Muddy Sake by Kathleen Hellen

Tired of cherry, tired of this world, I sit facing muddy sake and black rice. Matsuo Bashō

 

they’ll never love you
my mother said

sipping from the warrior’s o-choko
the wine served best when heated, sipped 

the rice hauled up in nets, like fish, from fields
for generations

wine the poets tend
like ritual, rice

in handfuls, rolled and fanned, sniffed
vatted—perhaps
over-nurtured

my mother said
as sure as snow will fall again
in Sudo Honke

no milk stops at our doorstep
no pyramid of pap
no wholesomeness three sizes bigger, fatter 

who were these half-calf kids
who schooled me in belonging? 

what’s 2 percent
of fitting in? 


Born in Tokyo, half Japanese, Kathleen Hellen has won prizes from the H.O.W. Journal, Washington Square Review, and Washington Writers’ Publishing House for her collection Umberto’s Night.
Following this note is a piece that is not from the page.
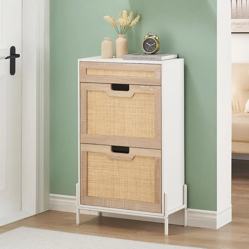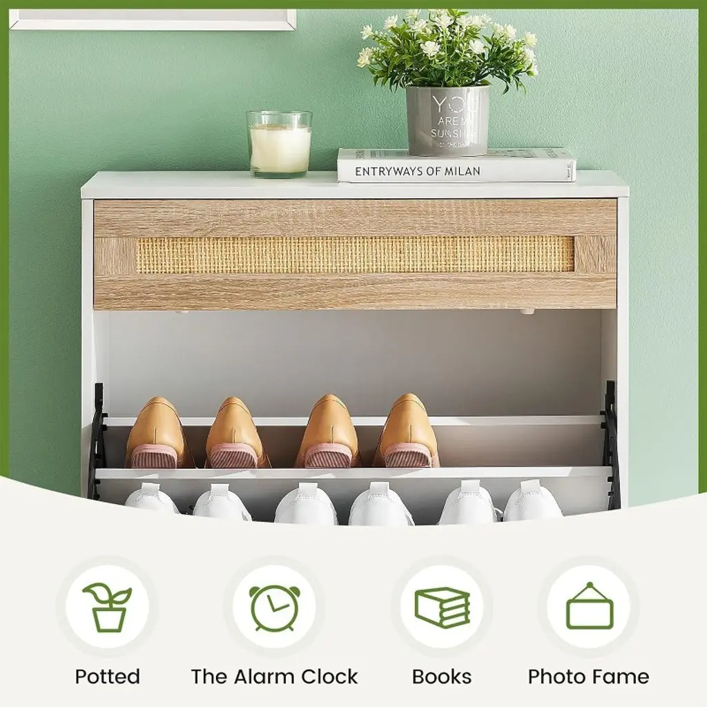 Rattan Shoe Storage Cabinet with 2 Flip Door and 1 Drawer,Freestanding Shoe Organizer Rack for Entryway, Shoe Rack Shelves for Slippers, Sneakers, Heels, Boots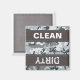 Magnet with military urban camouflage seamless pattern background and CLEAN / DIRTY text.

Hellen’s poems have appeared in Barrow Street, The Boiler, The Carolina Quarterly, Colorado Review, Evergreen Review, jubilat, The Margins, New Letters, North American Review, Poetry International, Subtropics, The Sycamore Review, Verse Daily, and West Branch, among others. Her credits include two chapbooks, The Girl Who Loved Mothra and Pentimento. Hellen’s latest poetry collection is The Only Country Was the Color of My Skin.